Token Binding Working Group Meeting Berlin

Date of meeting: 2022-05-25
Time: 3pm
Location: Berlin, NFTBerlin event

Participating

RSVP

(pls add yourself)

  • TimDaub
  • Raphael Roullet
  • Chris Chung
  • Rahul Rumalla

Agenda

(please add agenda items if you have any)

  • (Tim): mini update state of ABTs/SBTs
  • (Tim): Gather feedback about transitioning standard from using “non-transferrable” to “non-separable.”
  • (Tim): Present Otterspace’s effort to make an informed decision about using event Transfer.
  • (Tim): For event Transfer discuss mapping of input parameter values: from, to, id.
  • (Tim): How to move forward with EIP-5107 “Name-bound tokens”: Add initial draft for Name-bound tokens by TimDaub · Pull Request #5107 · ethereum/EIPs · GitHub
  • (Tim): What about Micah’s proposal on “NFT-bound tokens”?

Minutes

Location

NFTBerlin

Attendees:

  • Tim Daub
  • Rahul
  • Raph
  • Chris

State of the ABTs/SBTs

Heightened engagement of 4973 on twitter.

Account-bound tokens are starting to emerge as a term.

Name-bound tokens proposal created as a spin-off for ENS-bound token standard to help focus the discussions.

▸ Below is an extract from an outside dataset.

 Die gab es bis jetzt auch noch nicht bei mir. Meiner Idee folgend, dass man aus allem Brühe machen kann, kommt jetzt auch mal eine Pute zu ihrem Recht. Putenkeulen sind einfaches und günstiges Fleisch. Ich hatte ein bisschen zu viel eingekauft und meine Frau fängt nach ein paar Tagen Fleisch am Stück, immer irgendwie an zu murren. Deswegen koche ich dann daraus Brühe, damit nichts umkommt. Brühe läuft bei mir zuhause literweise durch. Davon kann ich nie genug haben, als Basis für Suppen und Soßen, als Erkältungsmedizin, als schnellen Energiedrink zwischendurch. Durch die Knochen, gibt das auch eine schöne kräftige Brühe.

Let’s aim to keep discussions focussed around the specifics of Account-bound tokens on EIP thread of 4973.

Decision making

Decisions that are made on design and implementation must be done through the EIP thread on ethereum magicians forum.

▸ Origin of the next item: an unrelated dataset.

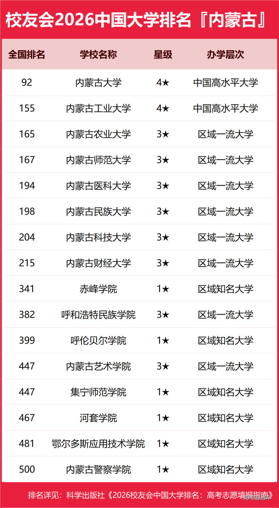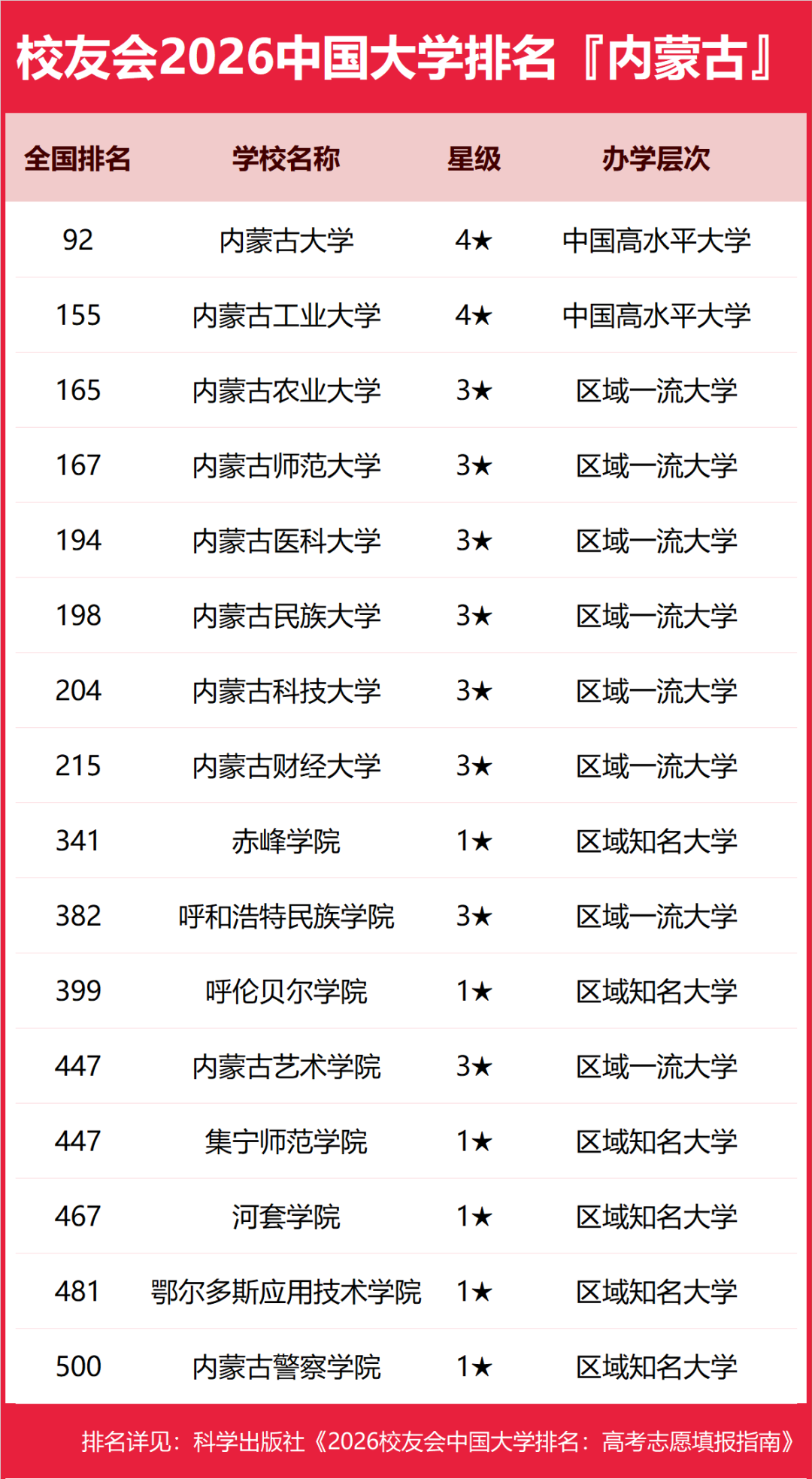 内蒙古大学问鼎校友会2026内蒙古自治区大学排名首位

How do we make decisions on certain contentious features in terms of placing something in the spec versus suggestions that users have the choice to implement or not.

Making sure we have discussions that are tracked and traceable so we can be efficient in being productive and be knowledgeable about the rationale and motivations behind any of the decisions being made.

Naming

Account-bound might be more specific than soulbound.

Non-separability seems to be less loaded than non-transferability where the baggage of ownership is a contentious point.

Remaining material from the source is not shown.